I paused. When, if ever, has this “radical thing” not been recognised as true – and even platitudinously true?

Think, for example, of “cissy” and “tomboy”. A cissy was a boy who displayed feminine tastes and traits, deemed unacceptable. A tomboy was a girl who displayed masculine tastes and traits, though sometimes these were treated more indulgently than cissy traits. To go back just sixty years, think of To Kill a Mockingbird which – among other things – belongs to a genre of tomboy novels. Go back a bit farther and you get to Jo March in Louisa May Alcott’s Little Women (1868 – 69).

Both ”cissy” and “tomboy” imply a fundamental distinction between sex and gender. Both recognise that sex and gender can be mismatched in a person. Neither supposes that cis-gendering (the neat matching of sex and gender) is inevitable, though as judgemental terms, they assume that cis-gendering is desirable. So maybe the revolution is simply to remove the judgemental aspect. No one will get called out as a cissy or laughed at as a tomboy. They will just be accepted. But didn’t that also happen in the past?

Caring has been marked + Feminine in my culture and for a very long time. Let’s go back a hundred years.  In wars, like the unbelievably stupid and destructive First World War, there were male officers who distinguished themselves by caring for their men in terrible circumstances. This was regarded as admirable, not cissy.

Bravery has been marked + Masculine in my culture, also for a very long time. But go back to 1838 and read the story of Grace Darling, a lighthouse keeper’s daughter who assisted her father in the rescue of nine survivors from a shipwrecked steamer. This 23 year-old woman got marked + for Bravery (in fact, + + +). But no one dismissed her as a tomboy and several men who had never met her wrote seeking her hand in marriage. No one called her out for rowing the boat.

It is simply not true that the sex / gender distinction has ever been unclear to anyone, except perhaps to those who have been made to read Judith Butler’s obscurantist Gender Trouble (1990). It is also - perhaps surprisingly - untrue that society has been consistently and remorselessly unwilling to recognise, accept, and even occasionally applaud, transgender characteristics as in the two examples instanced above.

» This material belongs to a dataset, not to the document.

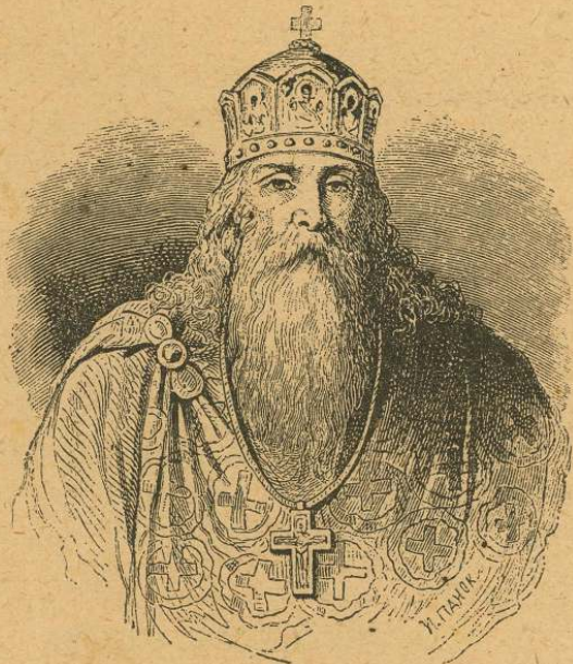
Князь св. Володимир Великий.

по Різдві Христа) і тут оснував сильну державу Русь, котрої осередком став Київ. Се місто вибрав собі столицею князь Олег. Русини були спершу поганями, почитали всяких богів, а найбільш Перуна. Але вже княгиня Ольга стала християнкою і з того часу починає з Царгороду християнська віра помалу ширити ся на

Of course, its tolerance has never been whole-hearted and probably never consistent. But a flicker of tolerance can often be found. If we can nurture that flicker into something stronger, that will be a very good thing. But to do so it is both historically incorrect and politically unproductive to claim that we have just this last week invented something which will take us out of the Dark Ages once and for all. Lots of people like to be pioneers (maybe it’s a + M thing); but most of the time, someone else got there already.

Curiously, the only situation in which Jill Soloway’s claim makes sense is one where most people remain strongly cis-gendered, bunched at either end of the statistical curve but where a few (special?) people are allowed to jump over the binary divide and join the other camp. That doesn’t sound to me much like the social progress envisioned by mainstream feminists back in the 1970s who thought it was the fact of binary bunching itself which should be challenged. Feminists back then wanted  most women to be more assertive and most men more caring, so that gendering became less Either – Or, more bunched in the middle, less a war between the Pinks and the Blues.